- YOUR GOAL -
From the line containing "1年生がいろいろな色の鬼を描" to the final line of the entries, copy each line exactly. Pictures stay out.

- DATASET RECORDS -
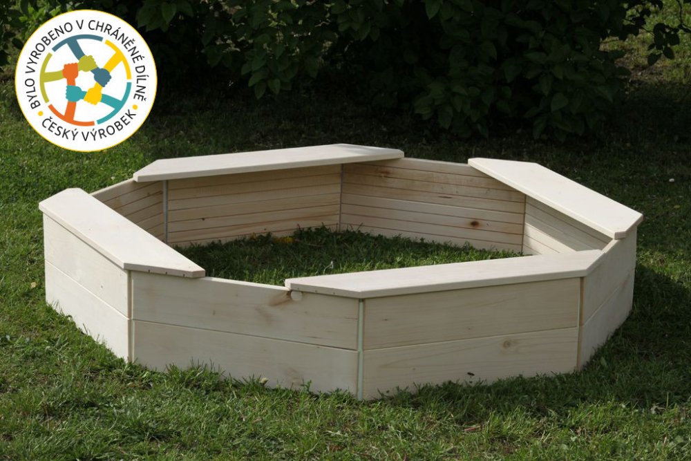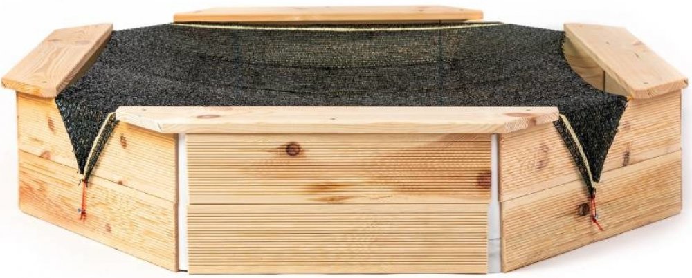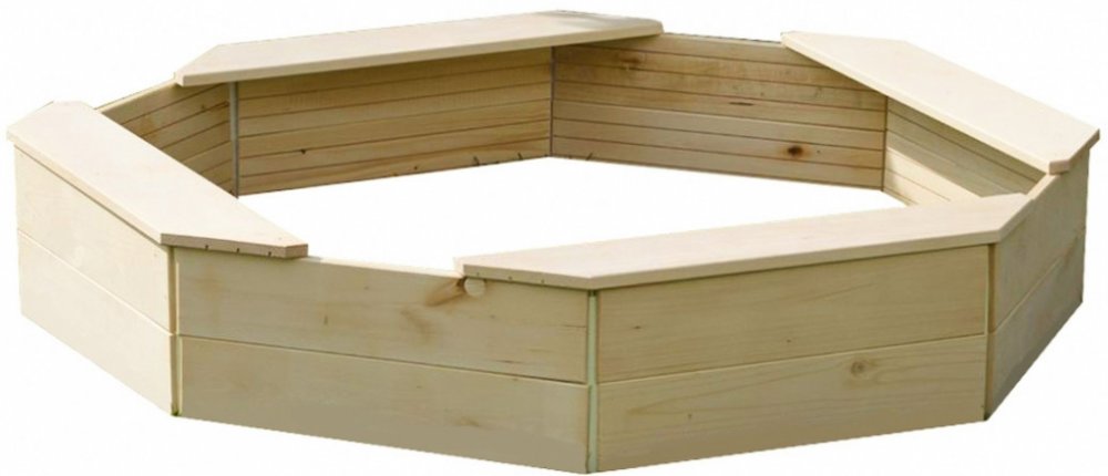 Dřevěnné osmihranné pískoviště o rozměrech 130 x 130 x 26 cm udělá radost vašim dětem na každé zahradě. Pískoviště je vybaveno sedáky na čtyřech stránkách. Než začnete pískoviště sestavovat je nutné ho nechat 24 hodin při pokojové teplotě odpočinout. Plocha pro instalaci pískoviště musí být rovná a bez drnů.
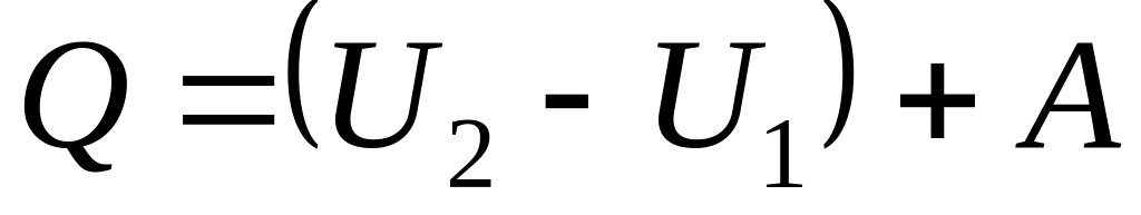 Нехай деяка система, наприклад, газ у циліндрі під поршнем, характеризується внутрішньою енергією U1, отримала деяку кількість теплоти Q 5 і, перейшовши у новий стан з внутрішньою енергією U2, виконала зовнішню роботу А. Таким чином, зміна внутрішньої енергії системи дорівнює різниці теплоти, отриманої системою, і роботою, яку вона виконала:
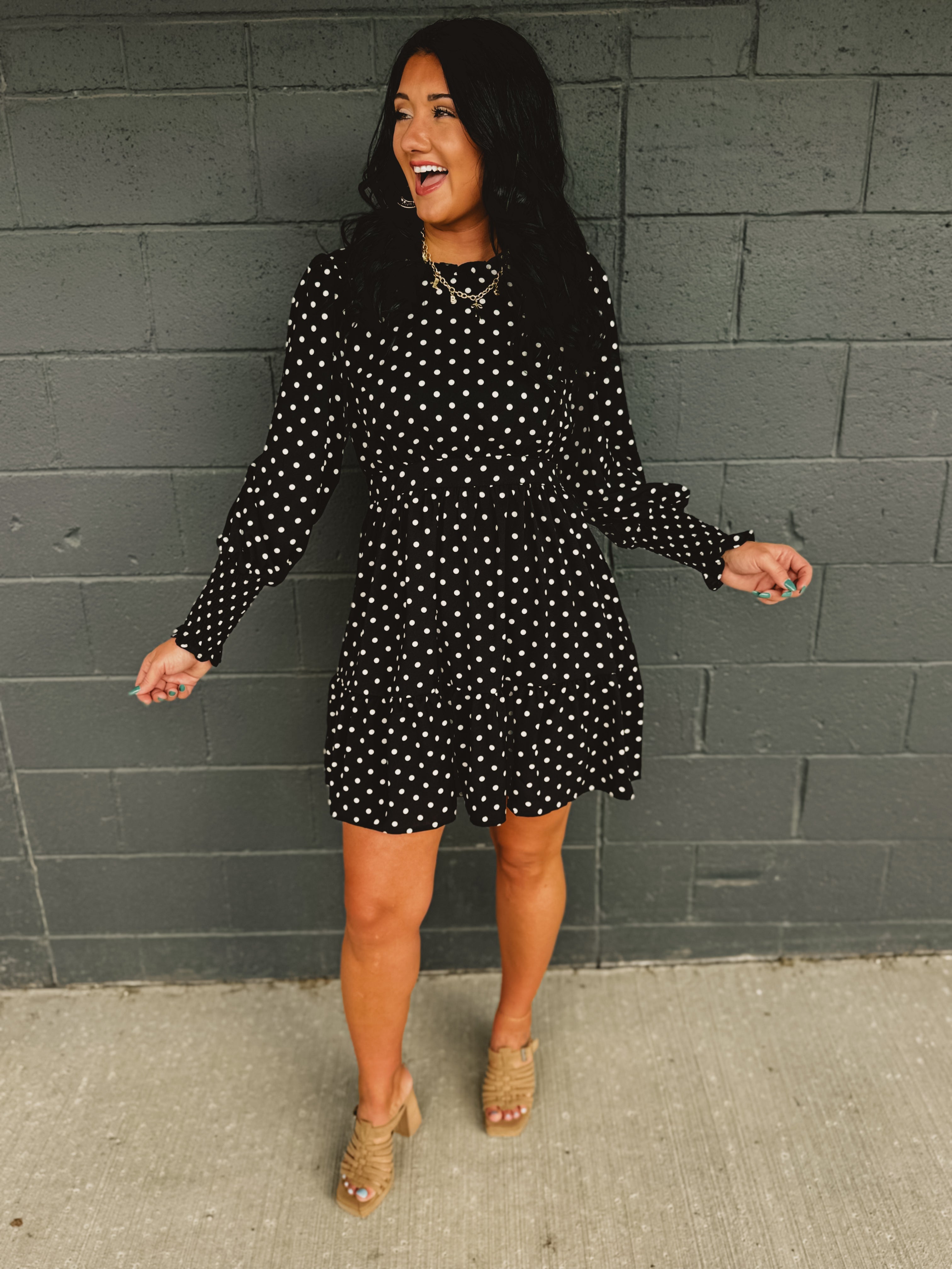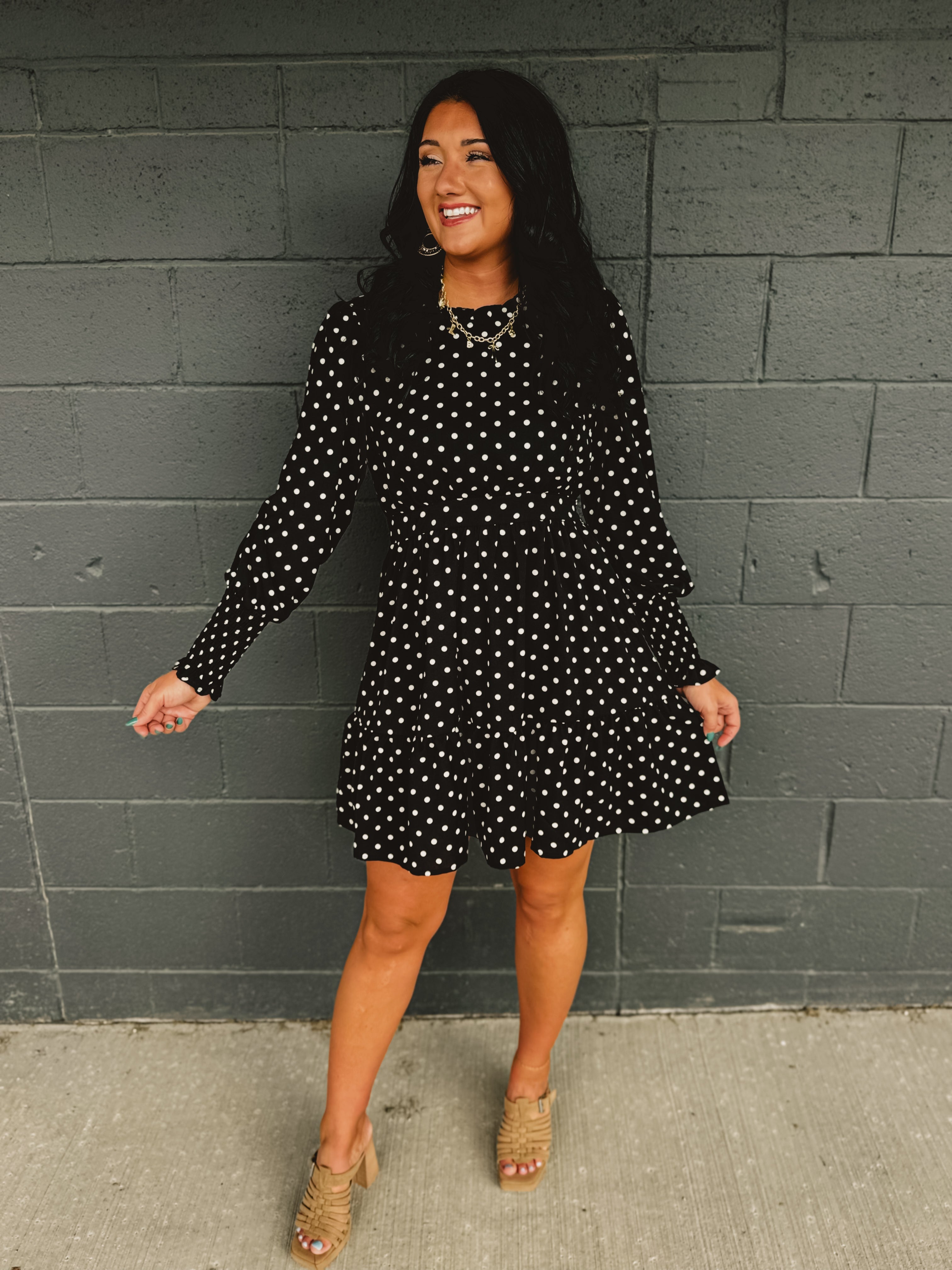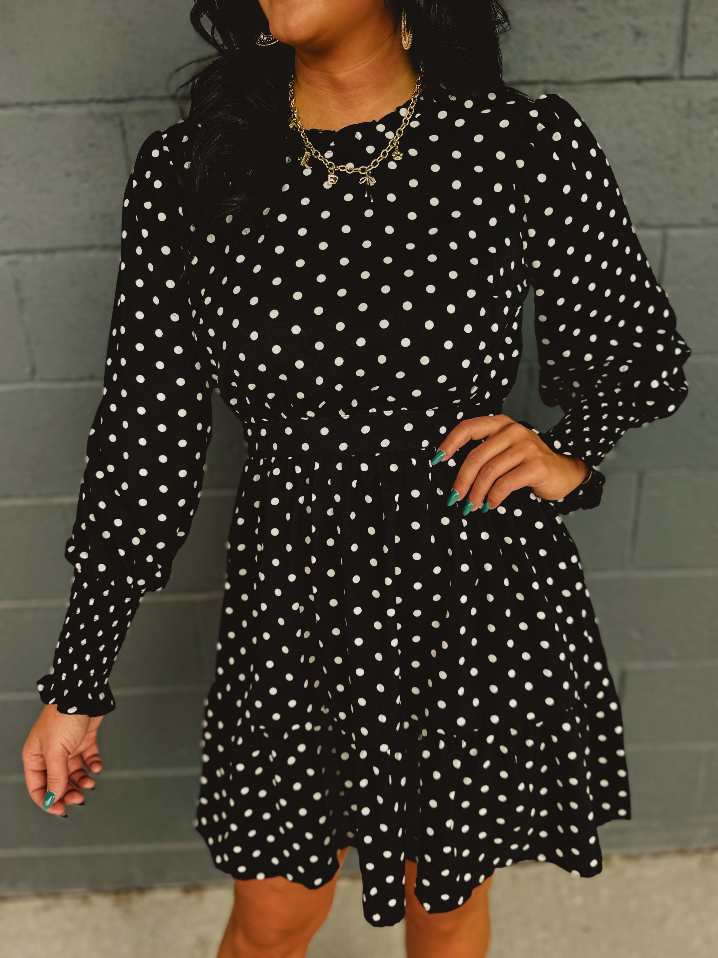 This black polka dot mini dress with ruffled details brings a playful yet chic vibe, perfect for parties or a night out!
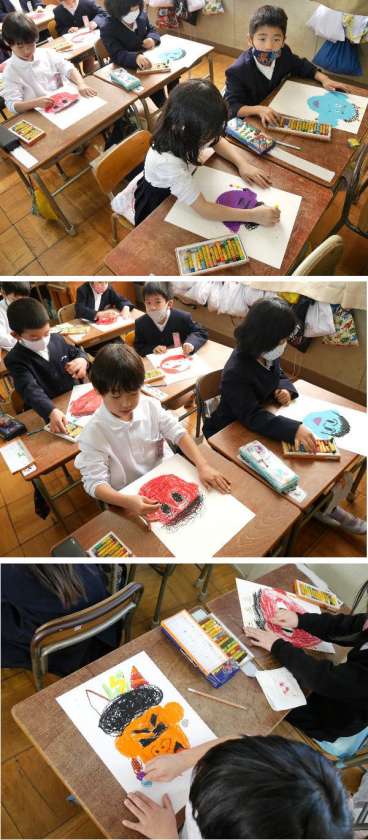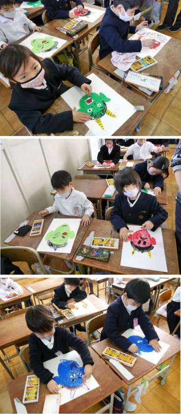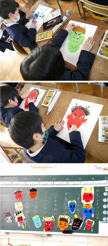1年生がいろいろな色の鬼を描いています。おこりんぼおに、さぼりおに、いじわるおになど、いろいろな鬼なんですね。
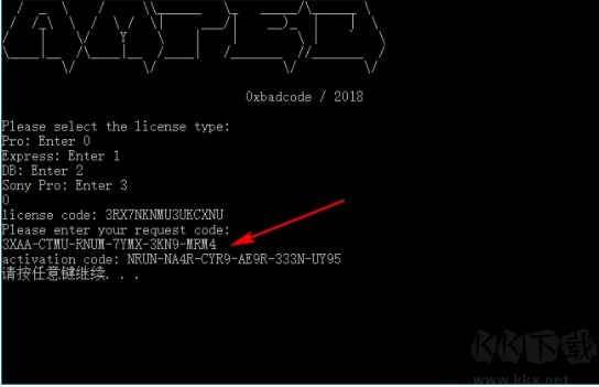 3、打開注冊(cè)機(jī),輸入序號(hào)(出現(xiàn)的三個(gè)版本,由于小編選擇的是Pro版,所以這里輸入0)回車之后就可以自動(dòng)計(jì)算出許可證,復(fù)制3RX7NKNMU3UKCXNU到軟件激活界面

- ANSWER SECTION -
1年生がいろいろな色の鬼を描いています。おこりんぼおに、さぼりおに、いじわるおになど、いろいろな鬼なんですね。
 3、打開注冊(cè)機(jī),輸入序號(hào)(出現(xiàn)的三個(gè)版本,由于小編選擇的是Pro版,所以這里輸入0)回車之后就可以自動(dòng)計(jì)算出許可證,復(fù)制3RX7NKNMU3UKCXNU到軟件激活界面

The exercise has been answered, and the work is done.